**INSTRUCTIONS TO FOLLOW:**
Without the pictures, repeat all of the data exactly as it appears below.

**DATA BLOCK:**
====

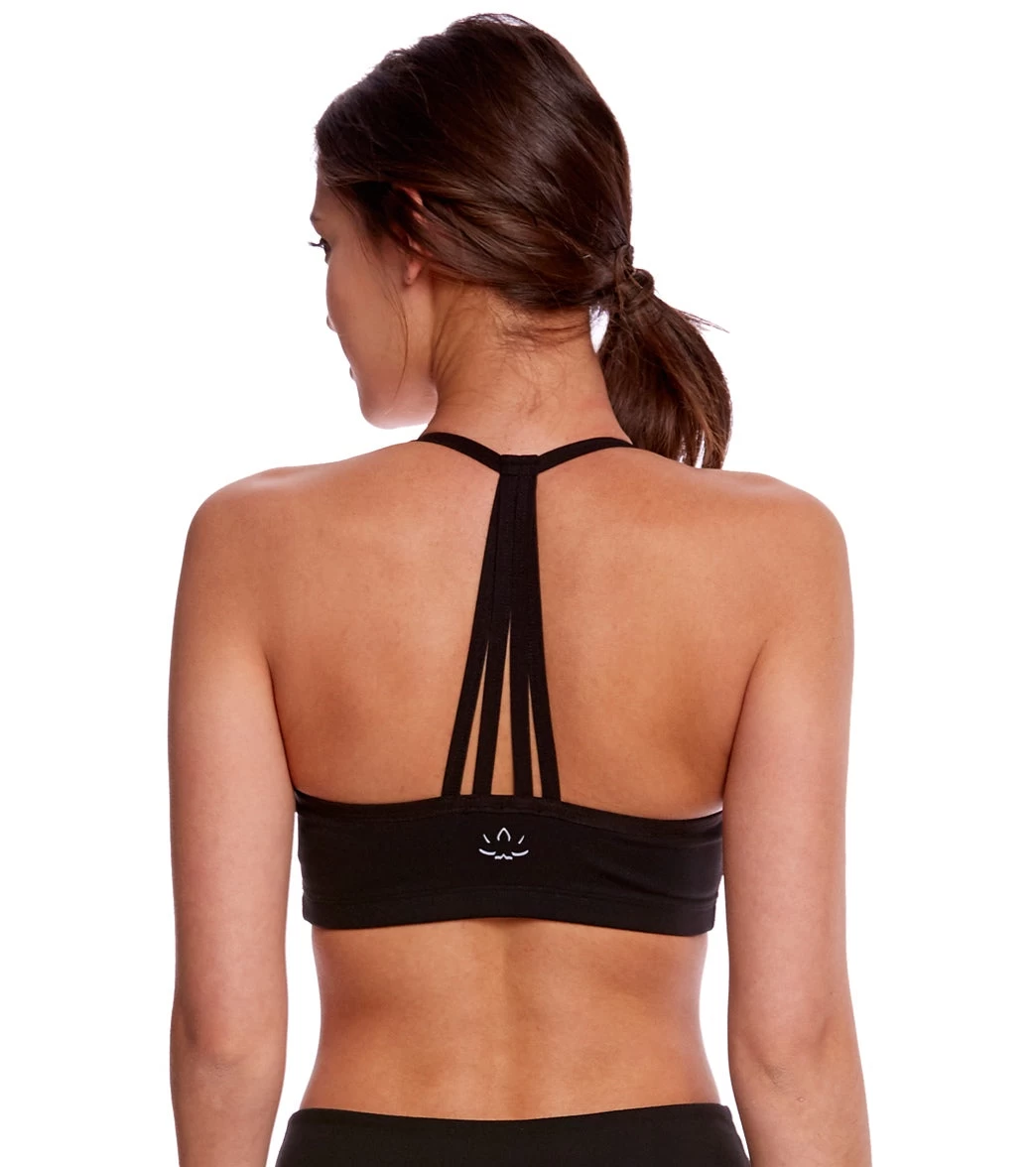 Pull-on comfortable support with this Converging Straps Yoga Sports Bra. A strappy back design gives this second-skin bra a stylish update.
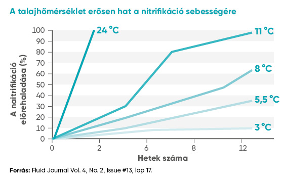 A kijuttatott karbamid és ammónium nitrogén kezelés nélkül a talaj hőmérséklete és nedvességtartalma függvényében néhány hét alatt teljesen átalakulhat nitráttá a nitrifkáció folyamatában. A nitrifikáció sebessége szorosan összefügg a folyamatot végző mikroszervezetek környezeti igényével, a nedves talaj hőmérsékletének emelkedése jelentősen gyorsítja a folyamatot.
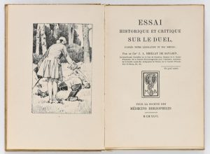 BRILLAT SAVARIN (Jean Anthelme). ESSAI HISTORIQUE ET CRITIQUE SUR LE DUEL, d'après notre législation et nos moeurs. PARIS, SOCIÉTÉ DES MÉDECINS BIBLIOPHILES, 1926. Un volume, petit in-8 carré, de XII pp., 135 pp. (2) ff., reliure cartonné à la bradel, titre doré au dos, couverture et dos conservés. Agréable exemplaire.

====

**SOLUTION TO THIS TASK:**
 Pull-on comfortable support with this Converging Straps Yoga Sports Bra. A strappy back design gives this second-skin bra a stylish update.
 A kijuttatott karbamid és ammónium nitrogén kezelés nélkül a talaj hőmérséklete és nedvességtartalma függvényében néhány hét alatt teljesen átalakulhat nitráttá a nitrifkáció folyamatában. A nitrifikáció sebessége szorosan összefügg a folyamatot végző mikroszervezetek környezeti igényével, a nedves talaj hőmérsékletének emelkedése jelentősen gyorsítja a folyamatot.
 BRILLAT SAVARIN (Jean Anthelme). ESSAI HISTORIQUE ET CRITIQUE SUR LE DUEL, d'après notre législation et nos moeurs. PARIS, SOCIÉTÉ DES MÉDECINS BIBLIOPHILES, 1926. Un volume, petit in-8 carré, de XII pp., 135 pp. (2) ff., reliure cartonné à la bradel, titre doré au dos, couverture et dos conservés. Agréable exemplaire.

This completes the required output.